Glucose-derived porous carbon as a highly efficient and low-cost counter electrode for quantum dot-sensitized solar cells

Abstract

Biomass-derived porous carbon is widely used in supercapacitors, carbon dioxide capture and lithium–sulfur batteries owing to its advantages such as wide sources, low cost and good stability. However, it is rarely used in quantum dot-sensitized solar cells (QDSCs). Here, glucose-derived porous carbon was obtained by hydrothermal carbonization followed with high-temperature KOH activation, and employed as an efficient counter electrode (CE) for QDSCs. The CV, EIS and Tafel-polarization analysis showed that porous carbon exhibits excellent catalytic activity for reduction of S_n²⁻. The CE based on porous carbon activated at 900 °C (C₉₀₀) presents best performance with interface charge transfer resistance (R_ct) of 2.4 Ω cm² due to the synergy between high graphitization degree and large specific surface area.
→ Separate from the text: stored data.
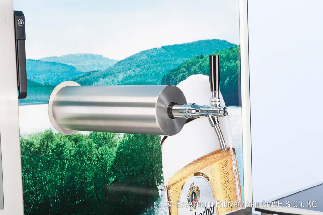 Trotz seiner geringen Größe verfügt der PM15 über einen üppigen Kühlraum, in dem bis zu 6 Fässer und 10 Getränkekisten Platz finden. So können Getränke direkt schankfertig transportiert und auf Veranstaltungen bereitgestellt werden.
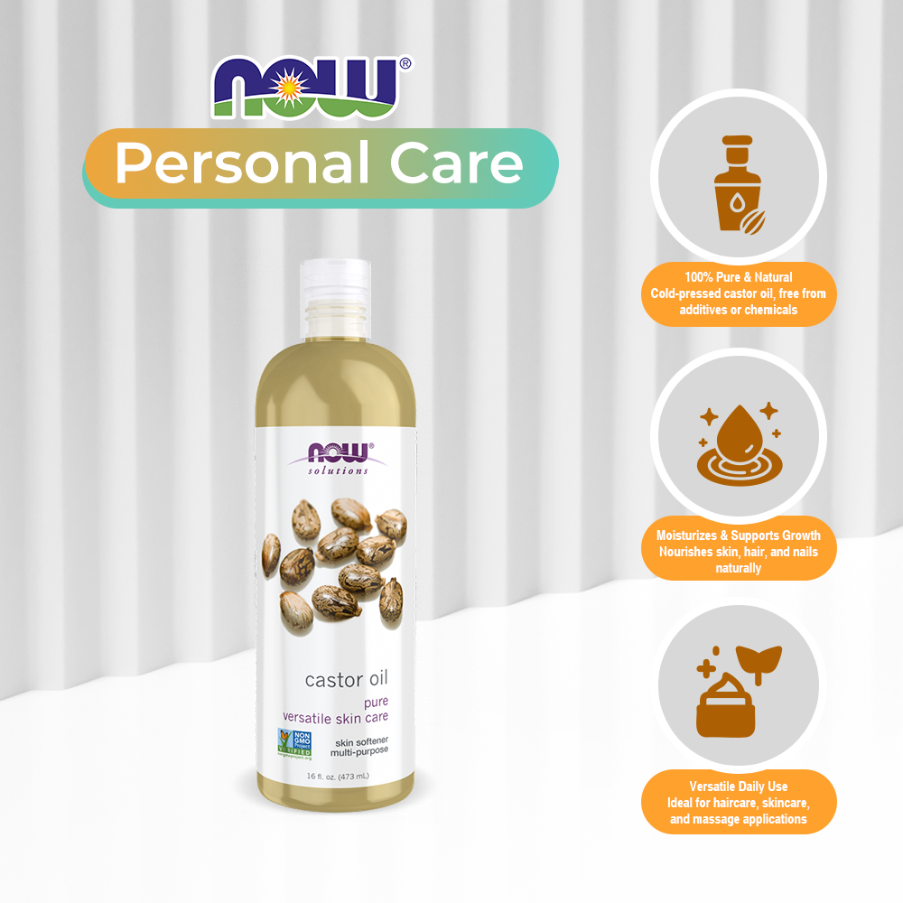 NOW Solutions, Castor Oil, 100% Pure Versatile Skin Care, Multi-Purpose Skin Softener, 16-Ounce (473ml)
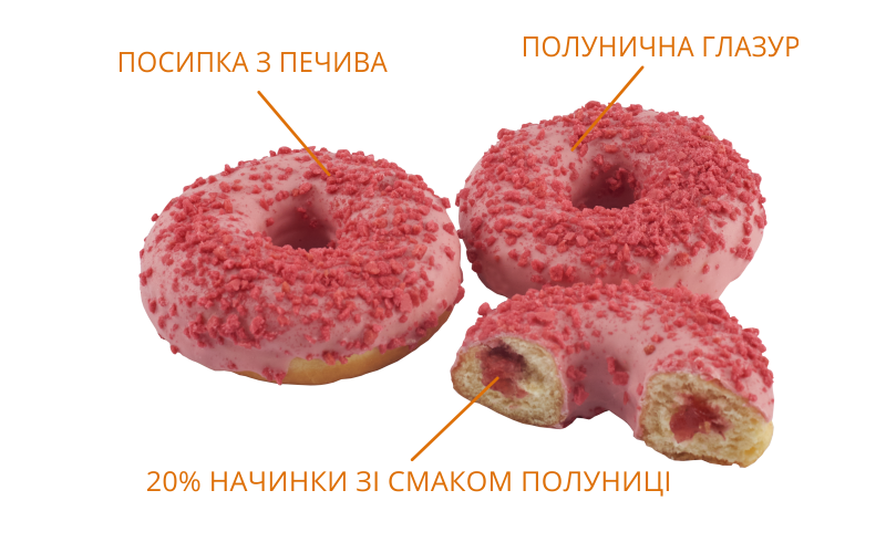Але це ще не все! Донат прикрашений цукровим печивом, що додає йому неперевершену текстуру і грацію. Кожен ковзкий шар печива розтає на вашому язику, створюючи гармонійний дует з полуничною начинкою.
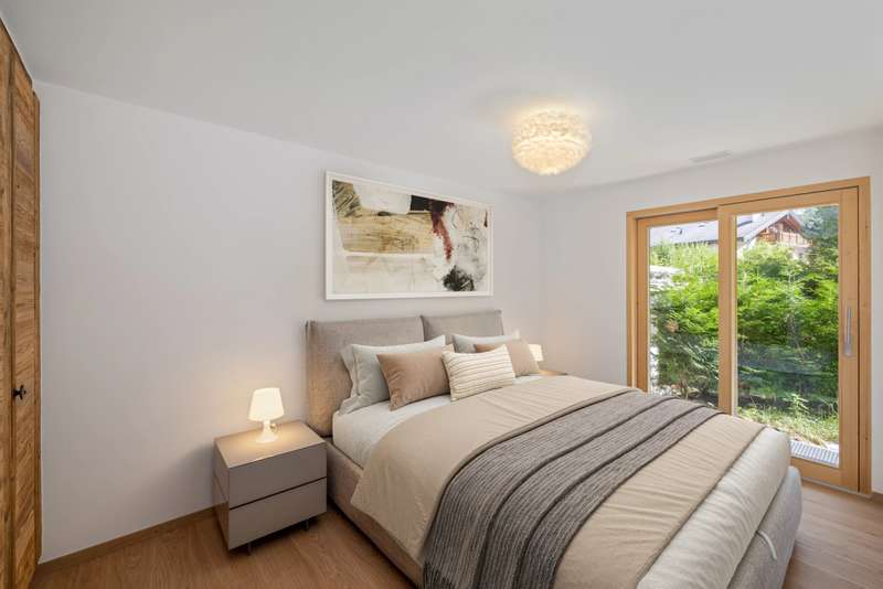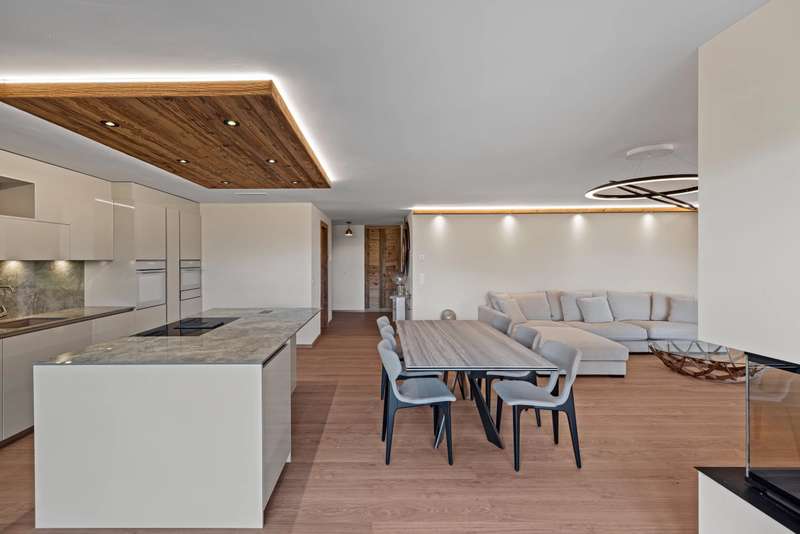 THE RESIDENCE Situated in a peaceful hamlet, imbued with tranquility and privacy, the "Master A&B" residence enjoys an ideal location on the edge of Crans-Montana's prestigious Severiano Ballesteros golf course. This residence offers all the comforts of mountain living. Set on a 3368 m² plot, the residence comprises a contemporary chalet housing five luxury apartments. The residence's co-owners also have access to the spa located in the building for pleasant moments of relaxation. THE APARTMENT Welcome to this luxury apartment with a generous 133 m² of living space, offering both luxury and functionality. As soon as you enter, you'll discover a vast living area featuring a cosy lounge with fireplace, an open kitchen and a spacious dining room. Two bedrooms each have en-suite bathrooms, while a third bedroom with built-in closets completes the night space, guaranteeing comfort and privacy for all occupants. A guest toilet adds a practical touch to the layout. The centerpiece of this apartment is undoubtedly the large terrace and private garden. In the basement, an indoor parking space provides convenient access, and the cellar offers additional storage space.
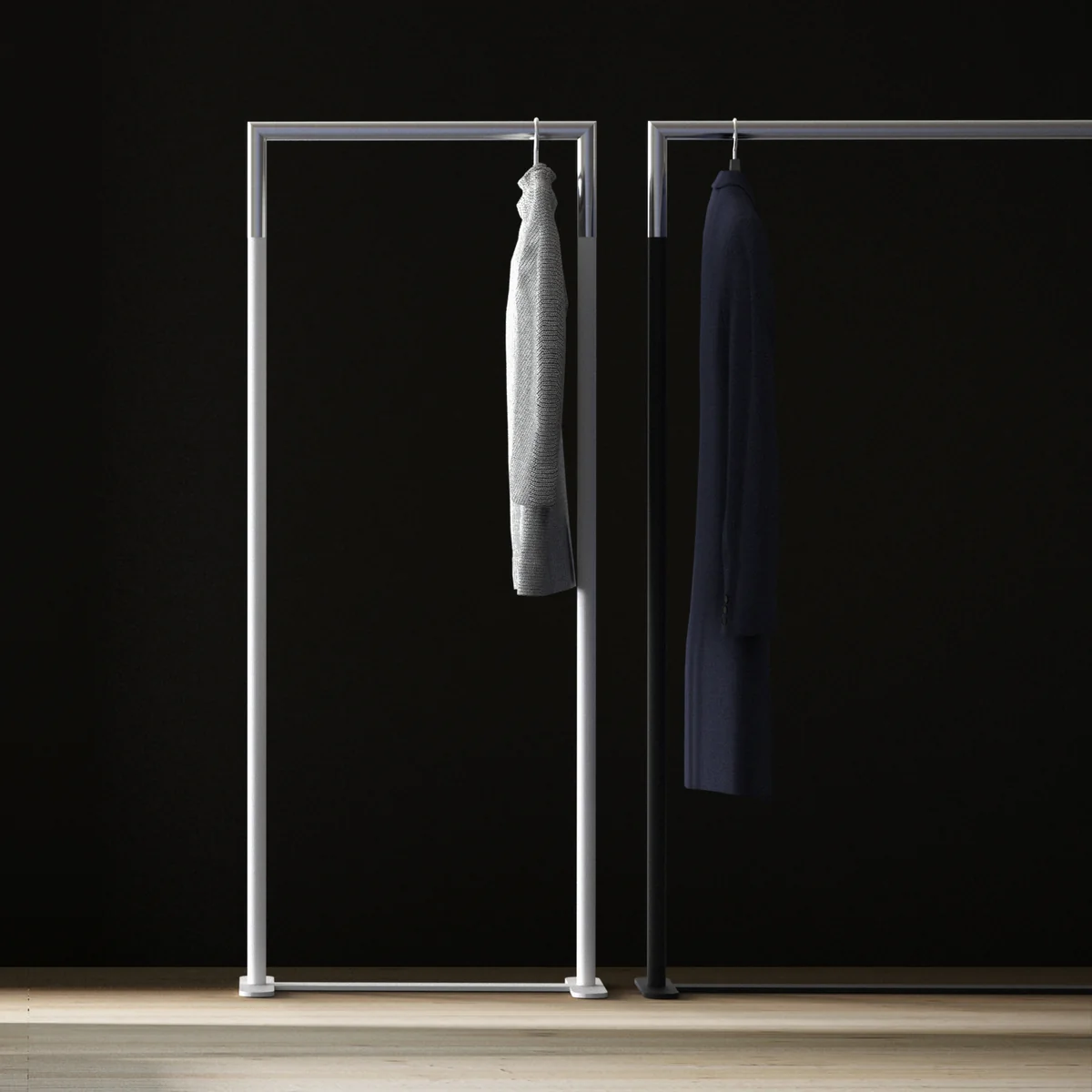 The Bukto clothes rack is a space saving helper designed by Bønnelycke for the Danish manufacturer Frost and it emphasizes the clothes in it with charm. The edgy clothes holder is made of polished stainless steel and can be ordered with a white or a black foot. Different dimensions can be combined.
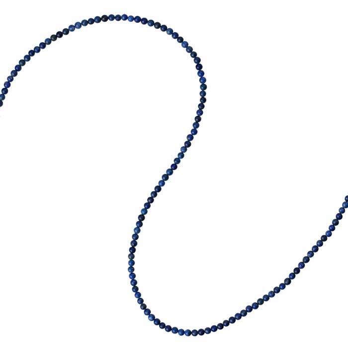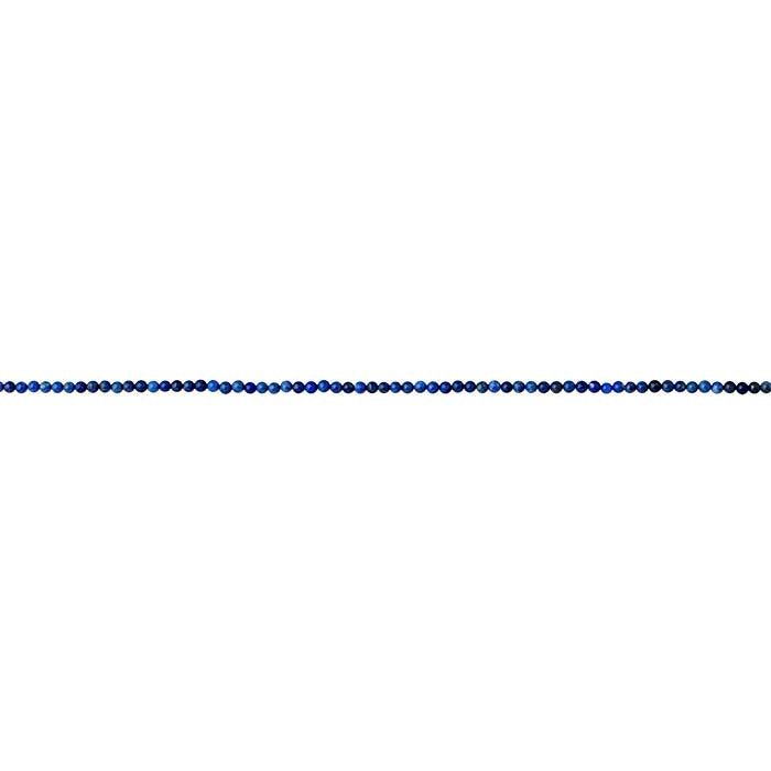 The round denim lapis beads in this strand feature an attractive cornflower blue color. Round beads are a staple of strung designs and look great when strung on their own to create a simple strand, used individually as separators or accent beads, or combined with other shapes and sizes of beads in more complex earring, bracelets and matched sets—combine them with complementary-color stones to create complex designs.Denim lapis displays a range of blue colors, light to medium, with sometimes extensive white streaking and patterning that is reminiscent of denim jeans. The white veining is due to elevated calcite levels in the stone.Ready to string, this package contains one temporarily strung 15"–16" strand.

The power conversion efficiency (PCE) of the QDSCs assembled with a CdS/CdSe sensitized TiO₂ photoanode and the C₉₀₀ CE is up to 5.61% under one sun illumination. The excellent catalytic activity of C₉₀₀ is attributed to its large specific surface area and porous structure and high degree graphitization. This suggests that glucose-derived porous carbon can become a potential low-cost and efficient CE material for QDSCs.